Kanji told her that he had taken worse, and wasn’t it about time that she made up with their eldest before the other two got upset? Then he said he had reserved a table at Aiya’s for the two of them that evening so they could duke things out while he taught their other two girls how to knit. Or maybe play soccer. Whichever, really. He was cool with either.
So that was why Naoto was at Aiya’s with her daughter, the both of them studying the menu for an unnecessarily long time. Out of the corner of her eye, she could see Souji and Rise eavesdropping in an entirely unsubtle manner. Rise even waved at them.
Neither she nor her daughter paid them any attention.
“Applying high heat,” Naoto said finally, because she was the adult here. She needed to take the initiative. “Polyester melts. Rayon burns.”
“I know,” said her eldest tersely. “I looked it up in my room.”
“You aren’t trained.”
“You didn’t want to train me.”
“I thought that you would have wanted to take over the textiles shop instead.”
“Because I’m a girl.”
“Because you’re gentle.”
“This is what I want. Well—I would’ve liked to have kept my hair. But this is kind of cool, too.”
Naoto frowned behind her menu. “You will have to compete with Meiko.”
“I’m better than she is.”
“You may think so.”
“I work harder than she does. She’s a natural. She won’t try as hard. I will.”

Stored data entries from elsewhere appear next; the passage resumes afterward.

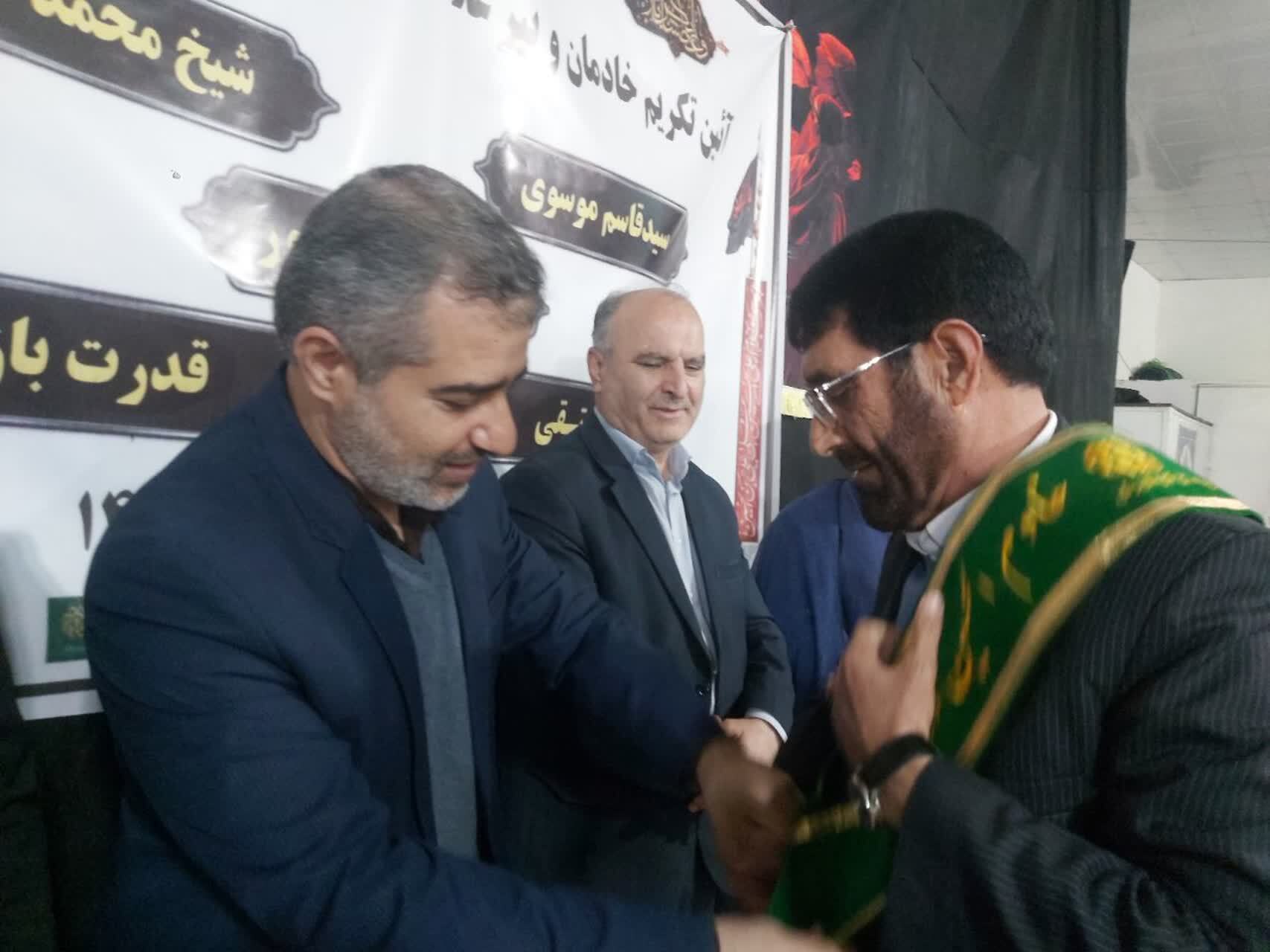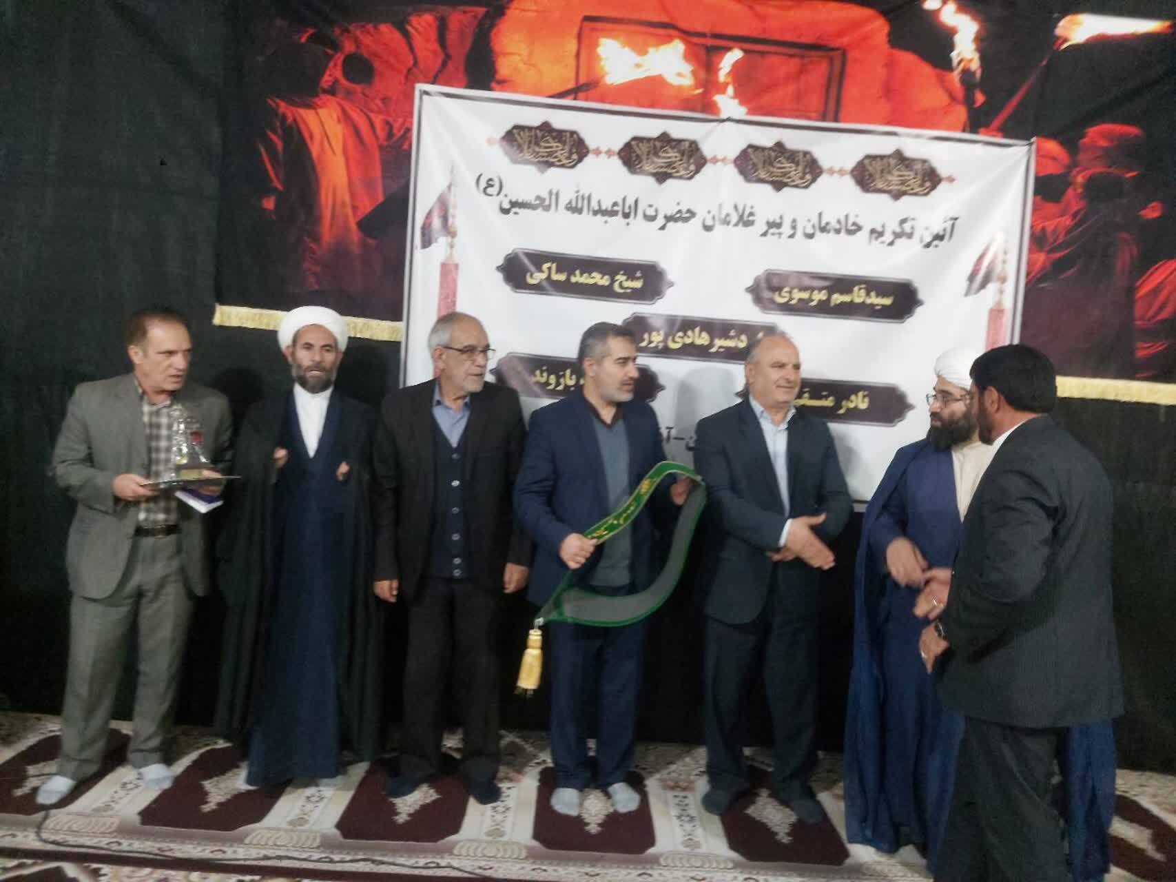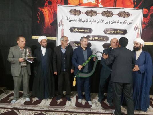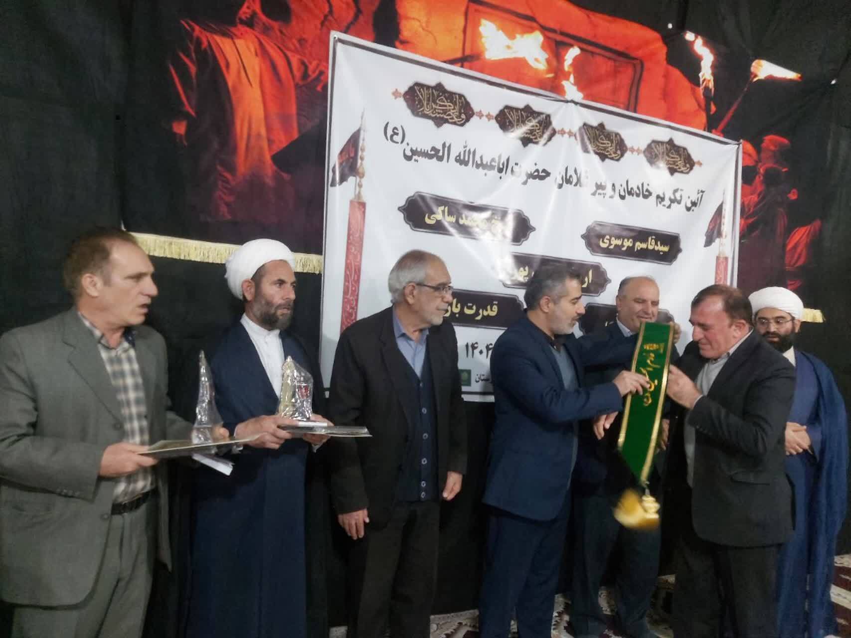 در این مراسم معنوی که در مسجد امیرالمؤمنین(ع) رومشکان برگزار شد، با اهدای لوح تقدیر مشترک از سوی حجتالاسلام محمدحسین وحیدی، مدیرکل تبلیغات اسلامی استان لرستان، حجتالاسلام محمد علینیا، امام جمعه شهرستان رومشکان تندیس ویژه پیرغلامان حسینی(ع)، حمایل خادمی حضرت اباعبدالله الحسین(ع) و هدایایی معنوی به پنج پیرغلام حسینی(ع) تقدیم شد و از سالها خدمت آنان در عرصه مداحی، نوحهخوانی و خادمی هیأتها قدردانی به عمل آمد.
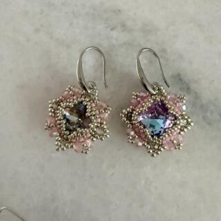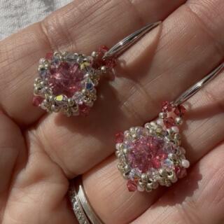 Handcrafted earrings featuring Swarovski faceted, crystal centers, surrounded by blush, Miyuki, Delica beads and metallic accents. Designed to catch the light beautifully, each pair is one-of-a-kind and made with meticulous Attention to detail.
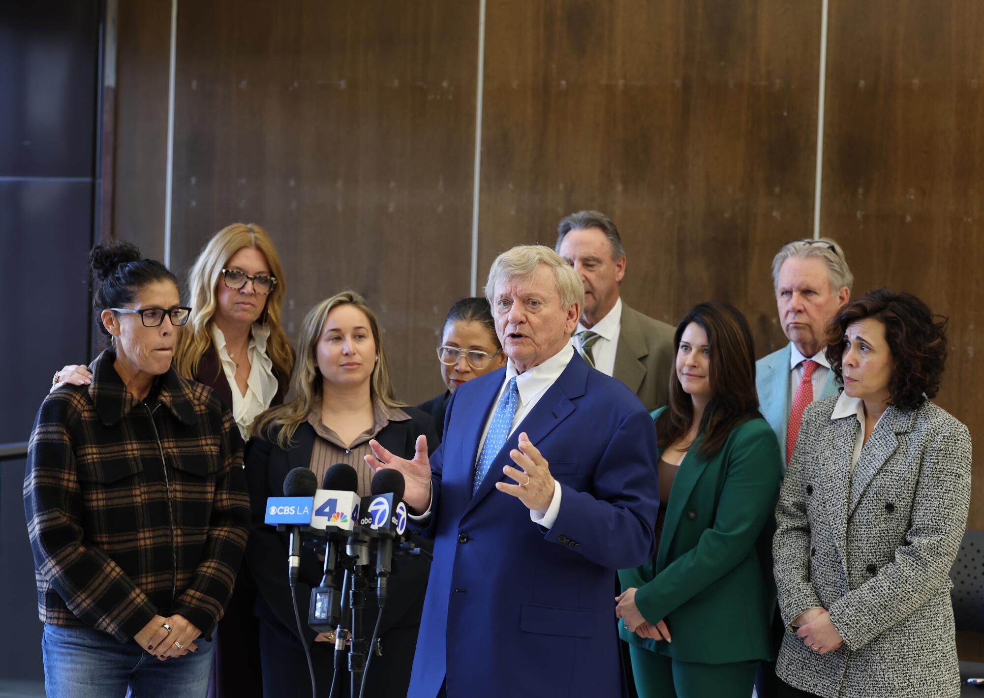 O advogado Rusty Hardin, centro, dirige-se à mídia depois que um acordo foi alcançado no processo de homicídio culposo movido pela família do arremessador Tyler Skaggs contra o Los Angeles Angels no Tribunal Superior do Condado de Orange, em Santa Ana, na sexta-feira.
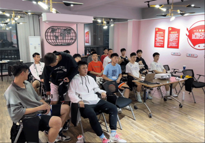 理论学习:本月校男篮在爱莲书院观看本队2023年重庆市大学生篮球比赛的录像回放。通过观看校男篮对阵重庆大学的比赛录像,教练将场上出现的过度紧张、技术动作运用不合理、轻视对手等问题一一作出了剖析,并且结合运动员心理方面的因素,进一步为队员们将紧张这一问题做出更为细节的说明。
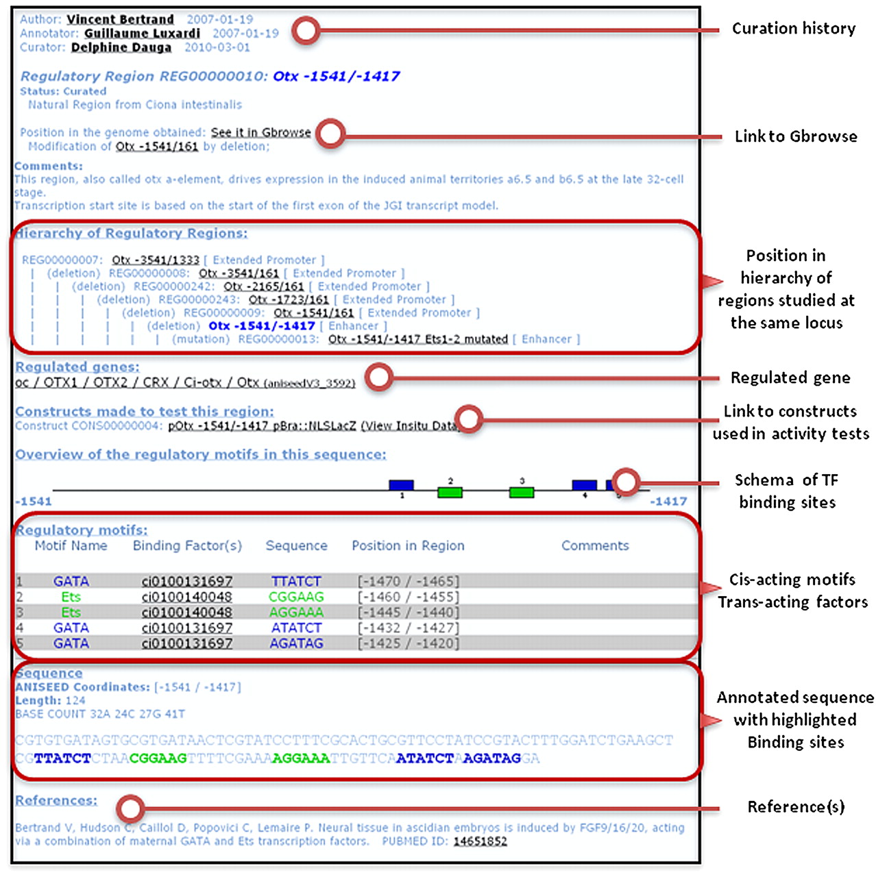 Representation of cis-regulatory information. Screenshot of the regulatory region card for the early minimal neural enhancer of Ciona intestinalis Otx. The precise pattern of activity of this region is accessed by clicking on the “view in situ data” link located in the “Constructs made to test this region” section. Supplemental Figure S6 presents the classification system for cis-regulatory regions used in ANISEED.
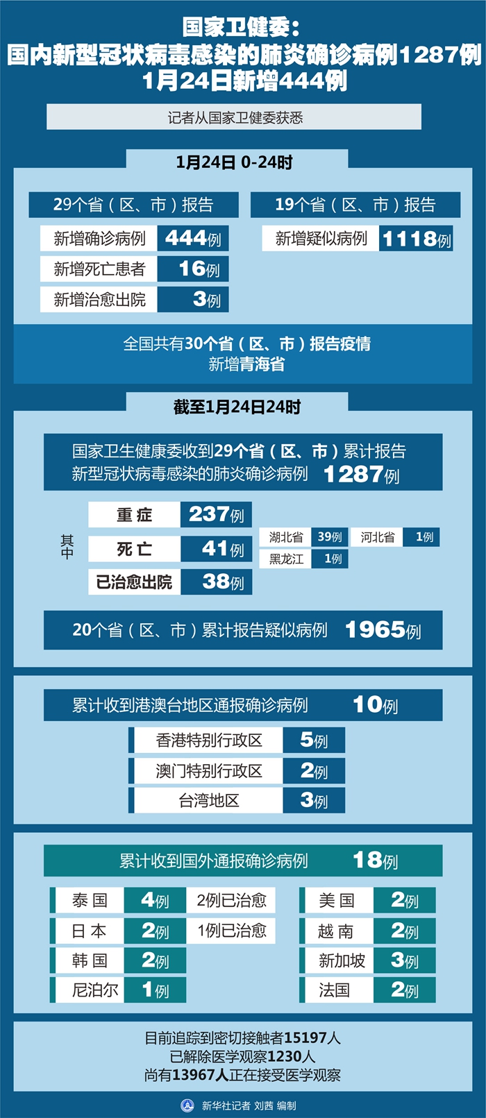 截至1月24日24時,國家衛(wèi)健委收到29個省(區(qū)、市)累計報告新型冠狀病毒感染的肺炎確診病例1287例,其中重癥237例,死亡41例(湖北省39例、河北省1例、黑龍江1例)。已治愈出院38例。20個省(區(qū)、市)累計報告疑似病例1965例。
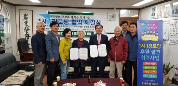 남양주시는 사랑나눔 후원문화 확산과 어르신들이 행복하고 편안하게 경로당을 이용할 수 있도록 ‘1사 1경로당 사랑의 결연’추진으로 관내 71개 취약경로당과 21개 기업체 간 후원 결연을 맺었다.
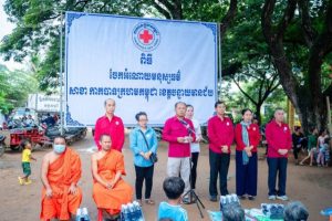 លោកអ៊ុំ រាត្រី អភិបាលខេត្តបន្ទាយមានជ័យនិងជាប្រធានគណ:កម្មាធិការសាខាកាកបាទក្រហកម្ពុជាខេត្តបានមានប្រសាសន៍ផ្តាំផ្ញើសារសួរសុខទុក្ខពីសំណាក់សម្តេចកិត្តិព្រឹទ្ធបណ្ឌិត ប៊ុន រ៉ានីហ៊ុនសែនប្រធានកាកបាទក្រហមនិងលោកជំទាវ បណ្ឌិត ពេជ្រ ច័ន្ទមុនី ហ៊ុនម៉ាណែត អនុប្រធានអចិន្ត្រៃយ៍កាកបាទក្រហមកម្ពុជា ជានិច្ចកាលសម្តេចនិងលោកជំទាវ បណ្ឌិតតែងតែគិតគូរពីសុខទុក្ខរបស់បងប្អូន ដោយមិនទុកឲ្យនរណាម្នាក់ស្លាប់ដោយអត់អាហារនោះឡើយ ។
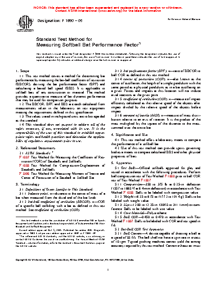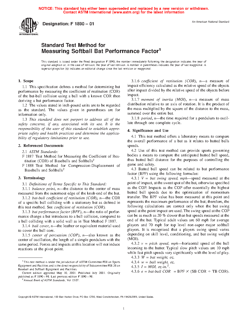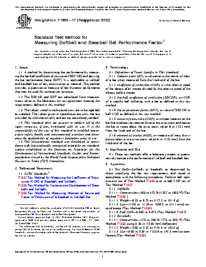 1.1 This specification defines a method for determining bat performance by measuring the coefficient of restitution (COR) of the bat-ball collision using a ball with a known COR then deriving a bat performance factor.
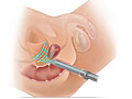 In rare cases, sterile saline is put in the uterus through a thin tube (catheter). This allows the doctor to look at the inside of the uterus (hysterosonogram).
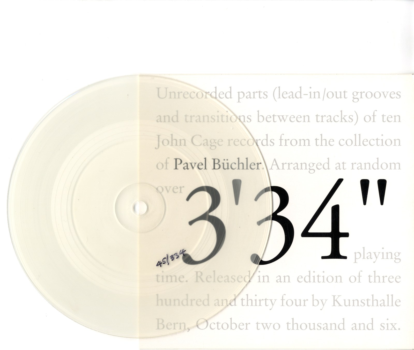 Kunstenaarsuitgave, in de vorm van een 45-toeren grammofoonplaat, naar een concept van Pavel Büchler (Tsjechië 1952). De opname bestaat uit een registratie van de aanloop- en uitloopgroeven van tien plaatopnamen van John Cage
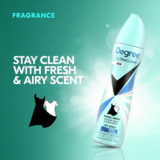 Stay fresh without marks or stains with Degree Women UltraClear Black+White Pure Clean Antiperspirant Deodorant Dry Spray. This antiperspirant deodorant dry spray combats stains and provides 72-hour sweat and odor protection with a light, airy scent to leave you feeling fresh all day.
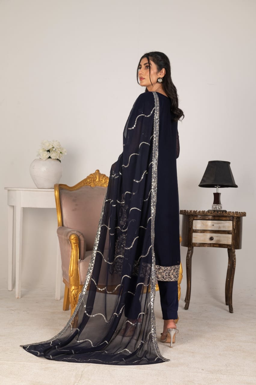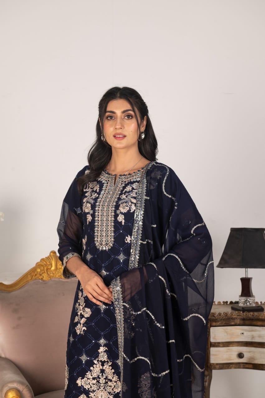 Navy Blue Chiffon with White Embroidery – 3-Piece Suit
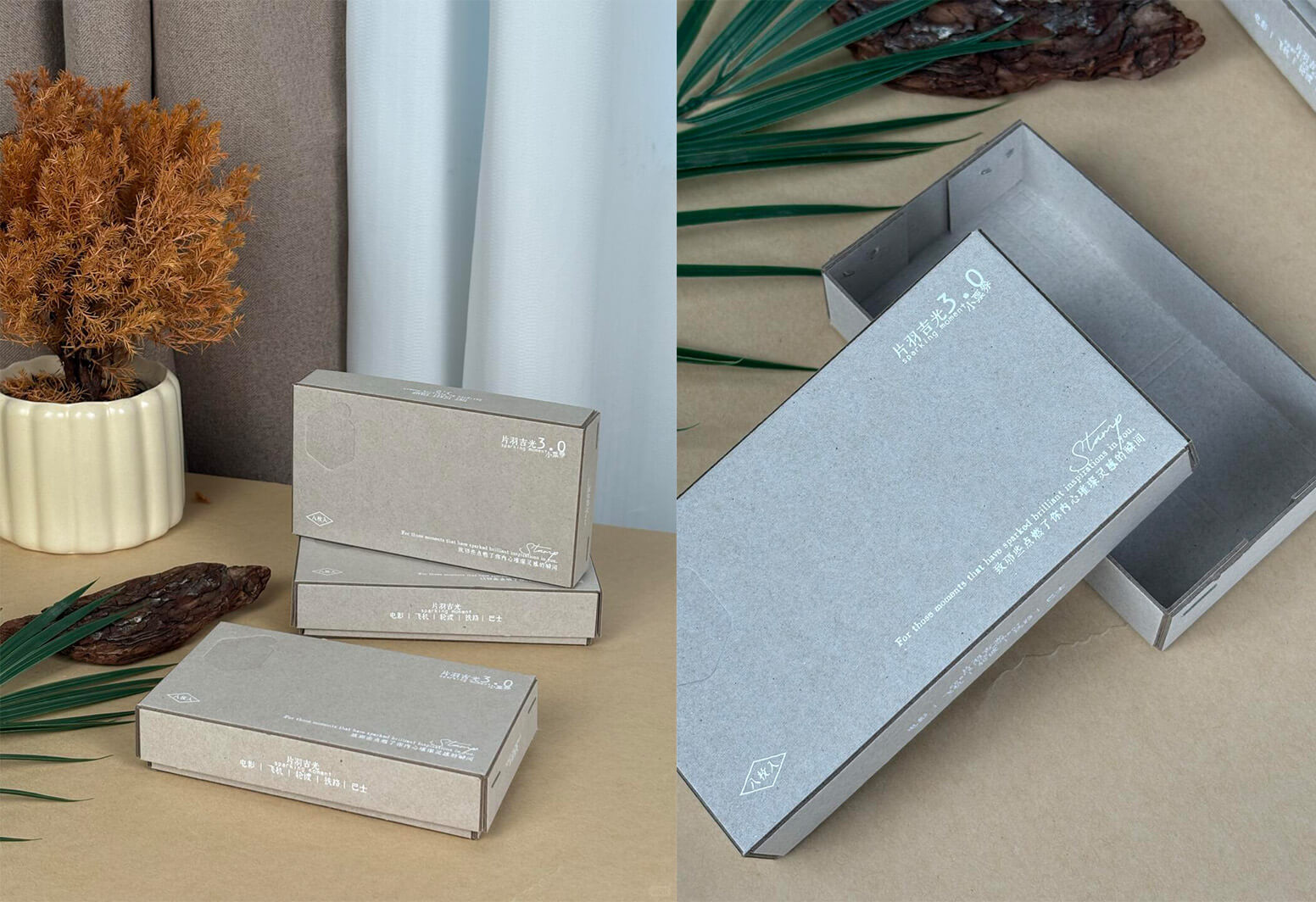 Featuring a muted gray tone and smooth matte finish, this drawer-style rigid box delivers a calm, contemporary aesthetic. Subtle white printing enhances the minimalist design without overpowering the packaging. The sliding structure adds a refined unboxing experience, making it ideal for wellness products, tech accessories, stationery, or modern lifestyle gifts.

There were benefits to being a natural, though. The confidence to be yourself, to pursue what you are good at, the knowledge that you are, as you are, the best you’ll ever be; the knowledge that you didn’t have to change yourself to be good at anything.
Naoto said, “Prove it to me.”
Her daughter said, “Yes, mother,” and in an entirely unfamiliar gesture, flicked the brim of her hat up and grinned.